At least one court has already stated that a work that is entirely AI-generated is not subject to copyright protection.1 The reason: copyright only protects work of authorship, which requires that a human being has created the work. Nonetheless, it remains an unanswered question how much human input is required to subject a human creation to copyright protection if the work was partly generated by AI. In Thaler v. Perlmutter, an individual whose copyright application for AI-generated artwork (generated by an AI tool that he developed) was denied brought an action against the United States Copyright Office (“USCO”) and its director. In granting the government’s cross-motion for summary judgment, the court stated that the question of whether the entirely AI-generated artwork (with no human input in the art itself) was subject to copyright was not complex—but the court also noted that the question of whether more limited AI involvement in the creation of a work might negate copyright protection is more difficult to answer:
“The increased attenuation of human creativity from the actual generation of the final work will prompt challenging questions regarding how much human input is necessary to qualify the user of an AI system as an ‘author’ of a generated work, the scope of the protection obtained over the resultant image, how to assess the originality of AI-generated works where the systems may have been trained on unknown pre-existing works, how copyright might best be used to incentivize creative works involving AI, and more.”2
The USCO has grappled with these same issues. In a March 2023 public guidance document on copyright registration of AI-generated works, the USCO explained that, in considering whether to register a work, the USCO asks “whether the ‘work’ is basically one of human authorship, with the computer [or other device] merely being an assisting instrument, or whether the traditional elements of authorship in the work (literary, artistic, or musical expression or elements of selection, arrangement, etc.) were actually conceived and executed not by [a person] but by a machine.”3 If all the work’s “traditional elements of authorship” were AI-generated, the USCO will not register it.4 If a work containing AI-generated material contains sufficient human authorship, the USCO will register the human’s contributions, but the applicant must disclose and exclude AI-generated content that is “more than de minimis” from the application.5
In September 2022, the USCO granted copyright registration for a comic book that was generated with the help of a text-to-image AI program, Midjourney.6 In late 2022, the USCO was reported to be reviewing its decision to register the copyright, and the artist who created the comic stated that the USCO had asked her “to provide details of [her] process to show that there was substantial human involvement in the process of creation of this graphic novel.”7 This suggests that while work generated entirely by AI cannot be copyrighted, works that incorporate AI-generated outputs as well as “substantial human involvement” may be subject to copyright protection.8 The USCO ultimately decided not to register the comic book because, while the human author created the comic book’s text as well as “the selection, coordination, and arrangement of the [book’s] written and visual elements,” the images themselves were “not the product of human authorship” because they were generated by AI.9 Because the comic book contained “more than a de minimis amount of content” generated by AI, and the author was unwilling to disclaim that AI-generated material, the USCO determined that the comic book could not be registered.

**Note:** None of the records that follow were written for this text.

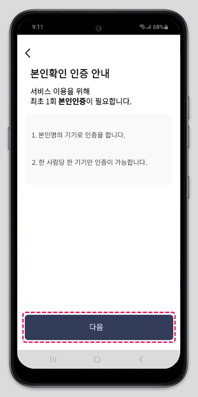 10. 본인 확인 절차 안내문을 확인하셨다면 다음 버튼을 눌러 주시면 됩니다.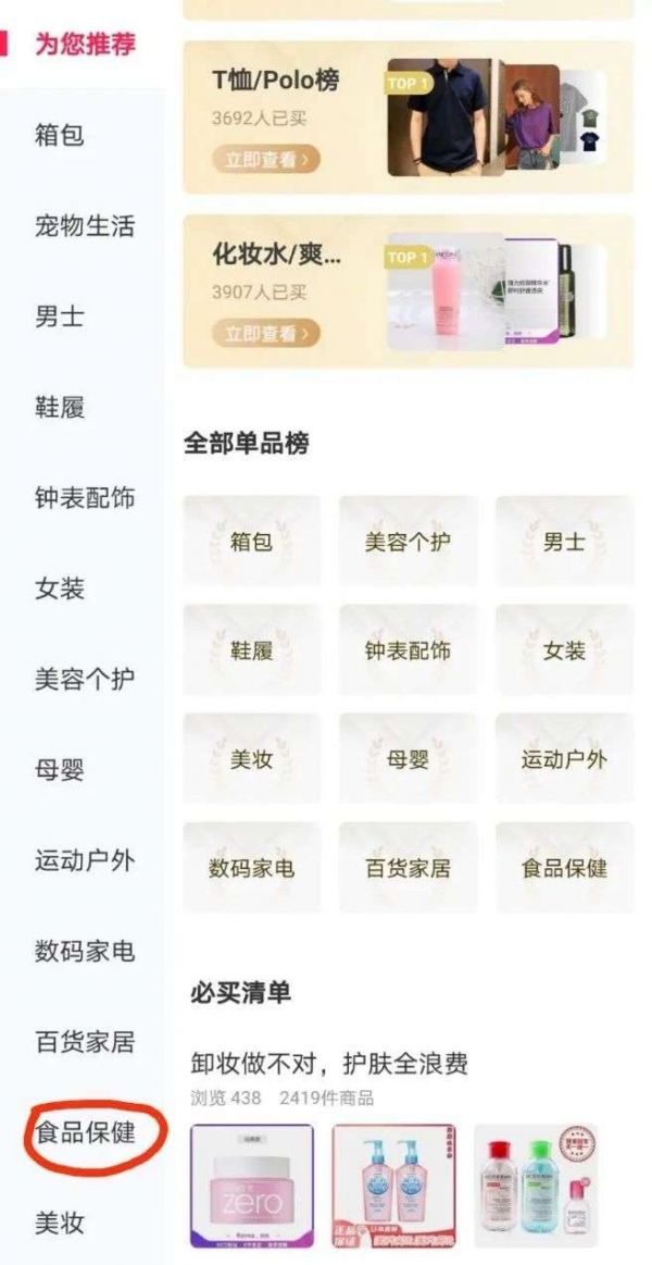 记者查看洋码头App首页发现,服饰鞋履、箱包钟首和美妆个护放在突出位置,而食品保健则在频道页内靠下的位置。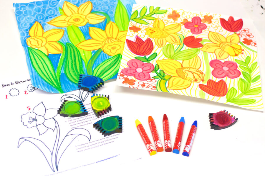 Using a good quality crayon like Faber-Castell wax crayons or oil pastels, draw 2-3 spring daffodils on the painted paper. If a child messes up, encourage her to keep going. The extra crayon marks will add a lovely artistic quality.

Similarly, on February 13, 2024, the United States Patent and Trademark Office (“USPTO”) issued guidance on AI-assisted inventions, stating that while AI-assisted inventions are “not categorically unpatentable,” patent applications must name a human who “significantly contributed” to the invention.10
Turning back to the hypothetical, what proportion of human-generated code would render a work subject to copyright protection? The more human involvement, the better the chances of copyright protection. USCO guidance suggests that the human-generated portions of the code would be protected by copyright, but any AI-generated portion of the code that is more than “de minimis” would not. Determining how much human involvement went into developing the code will require keeping thorough records of what elements of the code were generated by human beings and assessing whether those elements themselves are copyrightable.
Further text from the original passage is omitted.